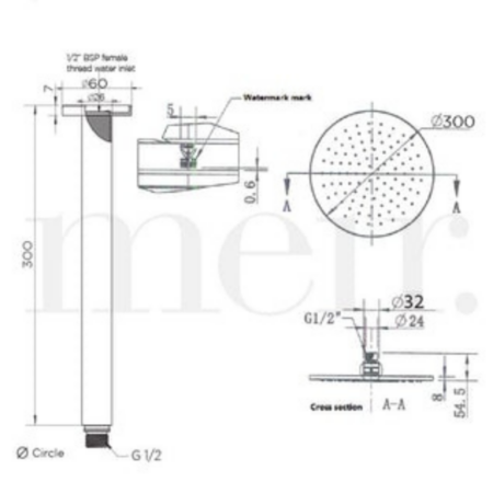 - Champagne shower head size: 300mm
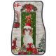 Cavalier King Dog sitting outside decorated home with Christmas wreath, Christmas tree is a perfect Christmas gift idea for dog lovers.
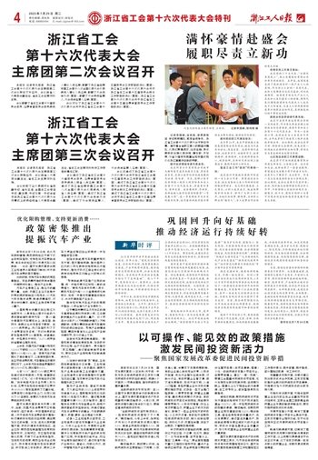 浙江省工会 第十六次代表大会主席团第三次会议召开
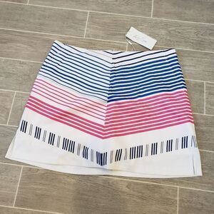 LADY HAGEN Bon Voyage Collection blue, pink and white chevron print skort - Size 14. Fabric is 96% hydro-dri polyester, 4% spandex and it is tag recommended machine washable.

==

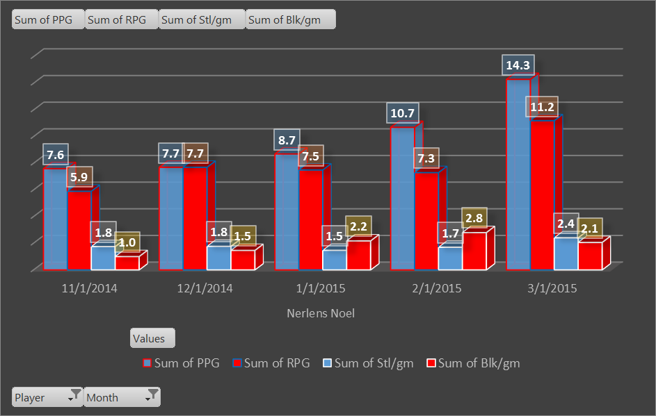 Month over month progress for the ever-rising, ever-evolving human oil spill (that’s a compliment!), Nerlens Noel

What this task involves »
From the material above, reproduce only what runs from the line holding "Cavalier King Dog" down to the line holding "LADY HAGEN Bon", both included, pictures excluded.

Reply »
 Cavalier King Dog sitting outside decorated home with Christmas wreath, Christmas tree is a perfect Christmas gift idea for dog lovers.
 浙江省工会 第十六次代表大会主席团第三次会议召开
 LADY HAGEN Bon Voyage Collection blue, pink and white chevron print skort - Size 14. Fabric is 96% hydro-dri polyester, 4% spandex and it is tag recommended machine washable.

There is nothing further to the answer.